A 15% increase in the world’s terrestrial carbon stock would remove all the carbon pollution emitted since the industrial revolution. A 2% maintained increase in soil organic matter across the world’s farmlands would remove all the carbon emitted from the burning of fossil fuels over the last 100 years.
Christopher Upton
Christopher has been involved in climate action since the mid-1990s when he issued the world’s first carbon-offset certificate to the government of Costa Rica, funded by the World Bank in 1997. This was included in the climate change conference in Kyoto, highlighting the positive roles that forestry and agriculture can play in mitigating climate change.
Christopher has an MA in Agricultural and Forest Sciences form the University of Oxford and a Masters degree in Agricultural Economics.

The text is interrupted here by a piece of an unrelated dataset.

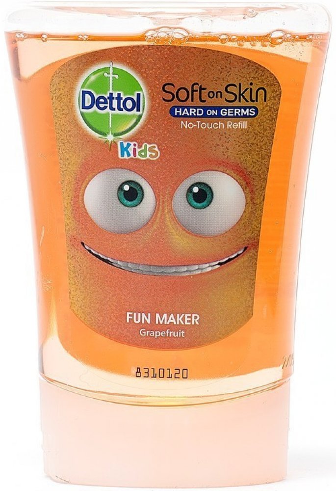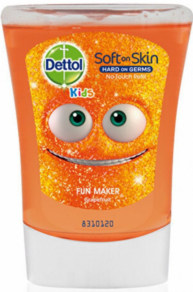 Náplň do bezdotykového dávkovače mýdla Dettol Kids Bavič s povzbuzující vůní grapefruitu. Konečně péče a ochrana před mikroby, kterou si vaše rodina zaslouží. Pomáhá udržovat vaše ruce zdravé. Složení účinně myje ruce, ale zároveň je jemné na kůži. Dermatologicky testováno. Vhodné na každodenní použití. Náplně jsou vhodné do bezdotykových dávkovačů mýdla Dettol.

Since the 1980s he has been involved in a range of agro-forestry research programmes, the financing of farming systems in East Africa, and community tropical forest management in Fiji. In the 1990s he began working in tropical forestry and forest certification, where together with WWF he created the Forest Stewardship Council. Christopher has co-authored and published the Forest Certification Handbook.
He has completed numerous assignments on forest taxation and management for the World Bank, IMF.
As the founder of Zerodig, he is currently involved in farming systems in England, Switzerland, France and Ireland. Christopher is Executive Chairman of Greene’s College Oxford.